PROVIDED DATA:

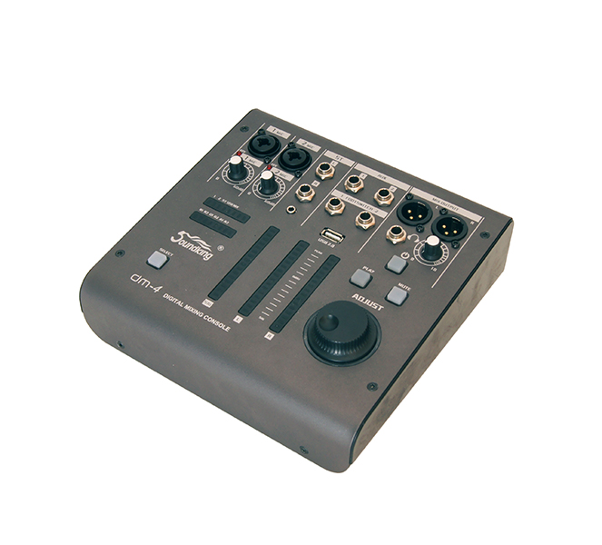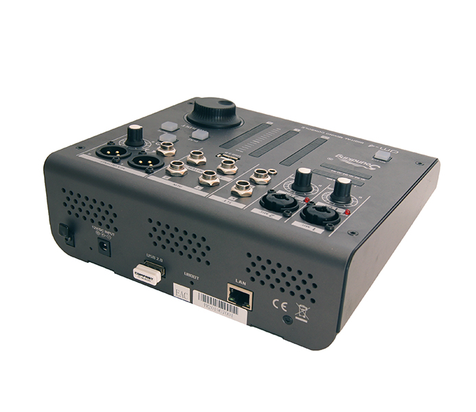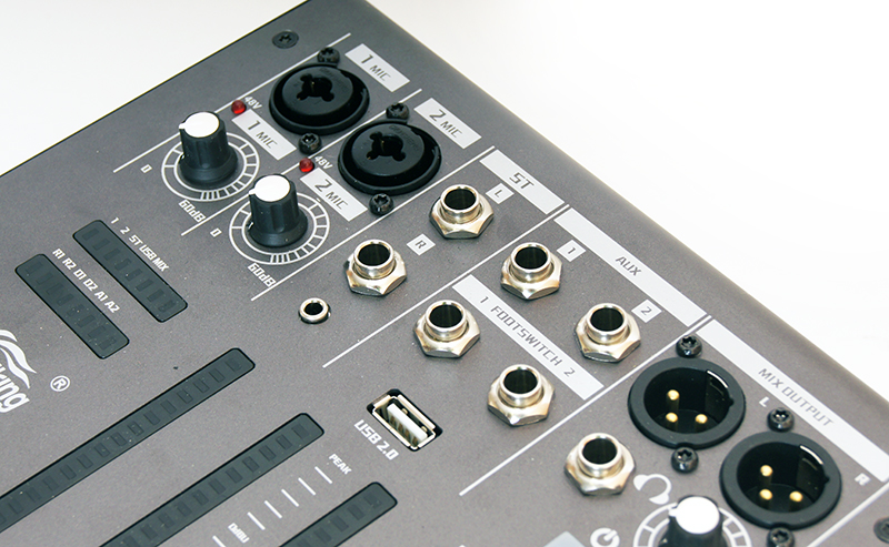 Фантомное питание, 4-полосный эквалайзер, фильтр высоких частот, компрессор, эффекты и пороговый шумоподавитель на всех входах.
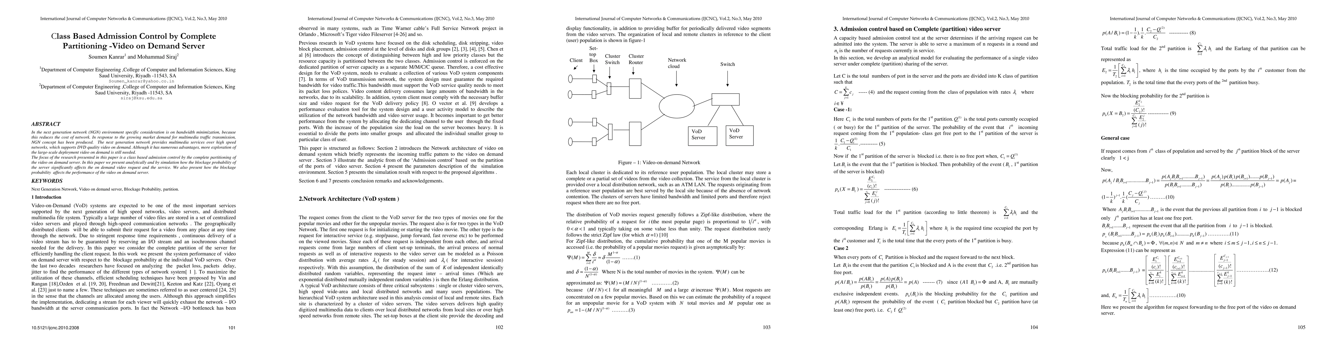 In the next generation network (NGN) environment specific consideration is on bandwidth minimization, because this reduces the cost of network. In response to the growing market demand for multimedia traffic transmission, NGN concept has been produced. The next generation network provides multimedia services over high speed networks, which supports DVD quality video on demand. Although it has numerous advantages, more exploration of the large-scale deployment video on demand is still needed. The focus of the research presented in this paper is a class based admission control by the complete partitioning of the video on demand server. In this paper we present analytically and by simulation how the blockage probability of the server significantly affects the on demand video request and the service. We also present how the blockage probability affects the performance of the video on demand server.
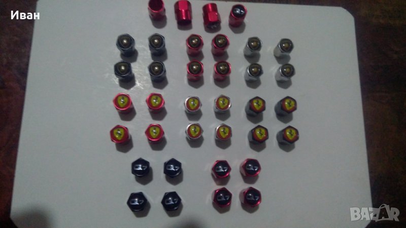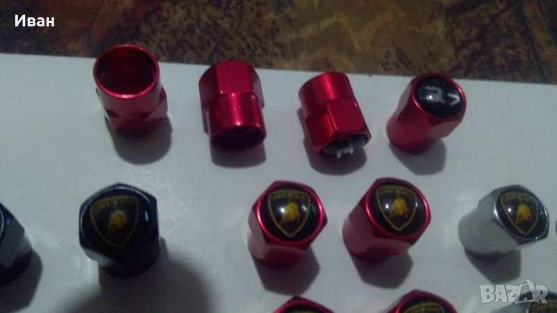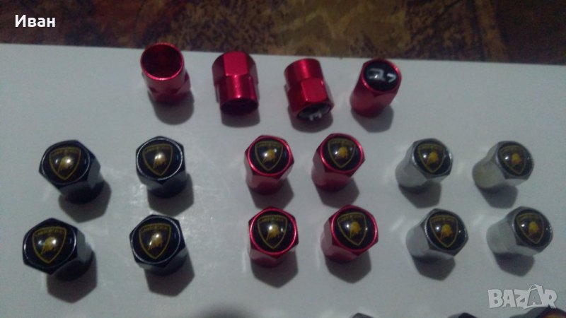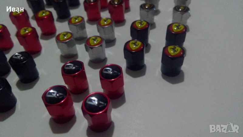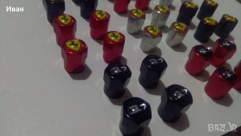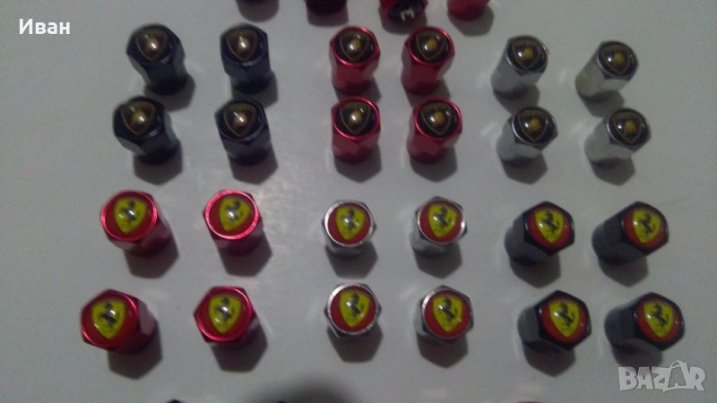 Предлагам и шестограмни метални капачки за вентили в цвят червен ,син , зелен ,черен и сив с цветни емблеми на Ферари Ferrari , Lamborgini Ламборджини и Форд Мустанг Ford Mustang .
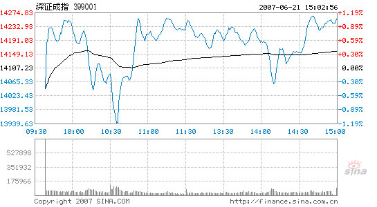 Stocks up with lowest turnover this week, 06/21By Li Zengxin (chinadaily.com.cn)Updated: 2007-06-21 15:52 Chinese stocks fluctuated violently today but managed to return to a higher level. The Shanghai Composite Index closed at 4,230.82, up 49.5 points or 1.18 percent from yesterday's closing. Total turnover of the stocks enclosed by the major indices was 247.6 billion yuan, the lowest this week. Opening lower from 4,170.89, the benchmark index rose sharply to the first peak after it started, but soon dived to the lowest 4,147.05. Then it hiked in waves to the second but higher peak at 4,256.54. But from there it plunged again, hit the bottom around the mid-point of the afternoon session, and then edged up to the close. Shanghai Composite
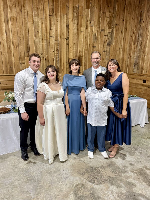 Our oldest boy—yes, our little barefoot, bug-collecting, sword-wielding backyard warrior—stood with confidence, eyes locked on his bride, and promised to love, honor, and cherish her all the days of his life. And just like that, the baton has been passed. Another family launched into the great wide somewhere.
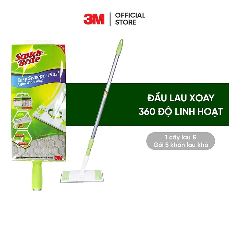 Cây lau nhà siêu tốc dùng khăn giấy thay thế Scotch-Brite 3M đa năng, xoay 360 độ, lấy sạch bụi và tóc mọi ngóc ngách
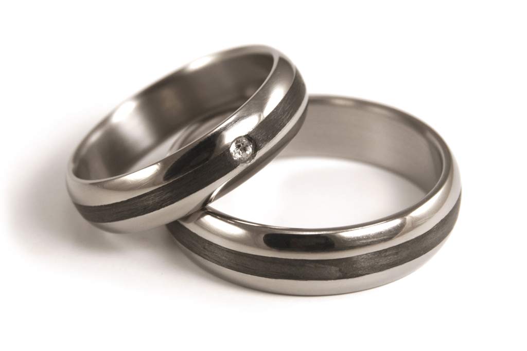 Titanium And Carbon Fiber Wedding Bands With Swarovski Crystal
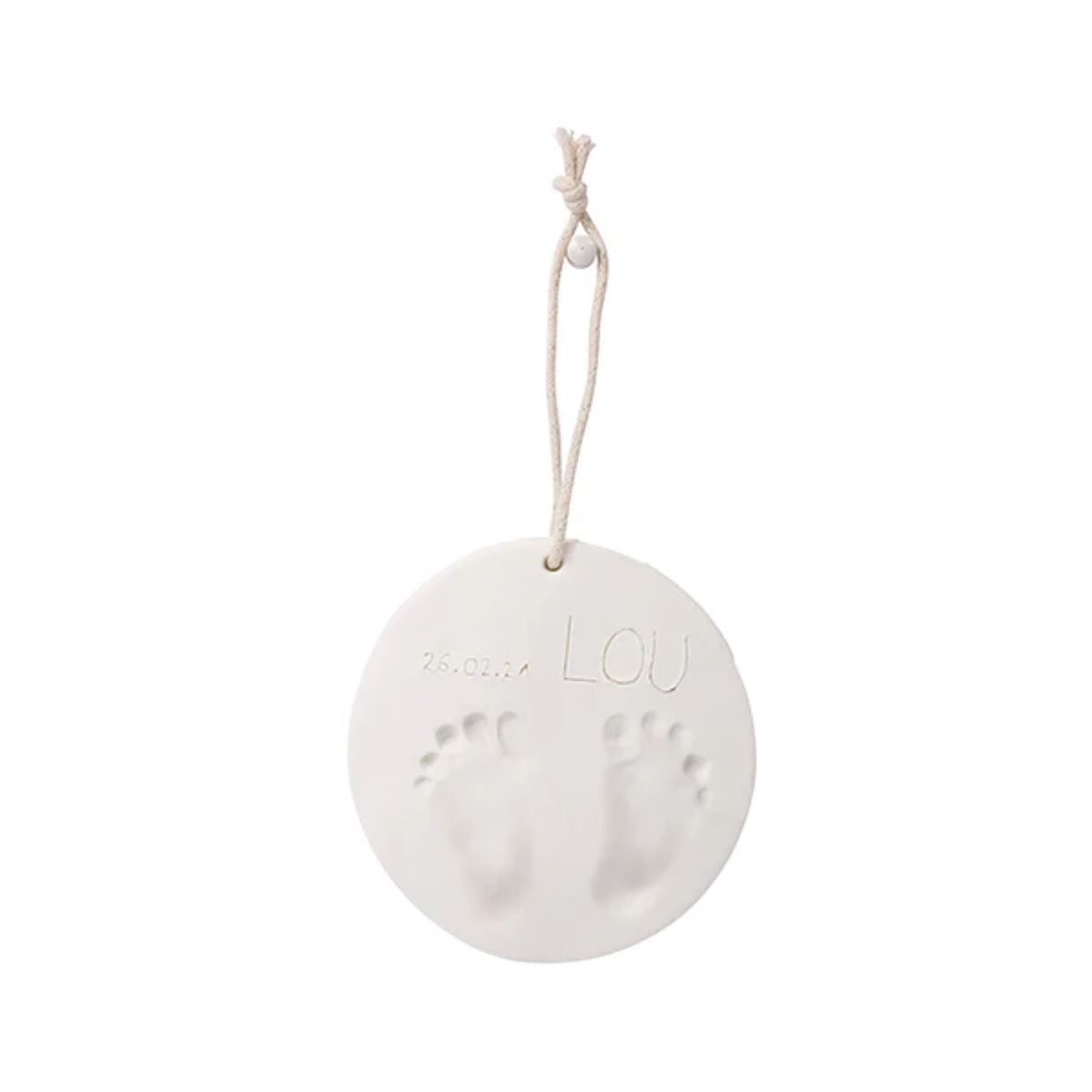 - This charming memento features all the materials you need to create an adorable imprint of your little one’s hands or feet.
--
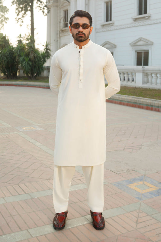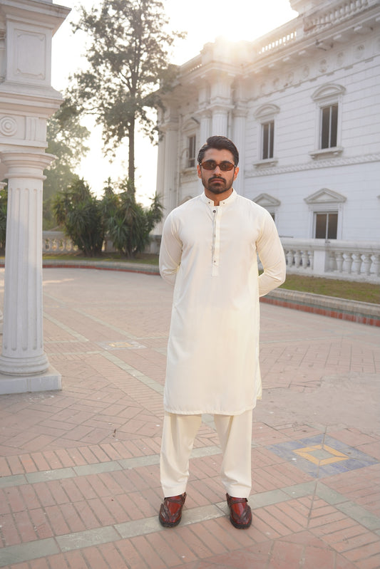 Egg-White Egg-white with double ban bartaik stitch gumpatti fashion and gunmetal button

ABOUT THIS EXERCISE: Out of the records above, return only the lines from the one with "Cây lau nhà" through the one with "- This charming", exactly, and none of the pictures.

PROBLEM SOLUTION:
 Cây lau nhà siêu tốc dùng khăn giấy thay thế Scotch-Brite 3M đa năng, xoay 360 độ, lấy sạch bụi và tóc mọi ngóc ngách
 Titanium And Carbon Fiber Wedding Bands With Swarovski Crystal
 - This charming memento features all the materials you need to create an adorable imprint of your little one’s hands or feet.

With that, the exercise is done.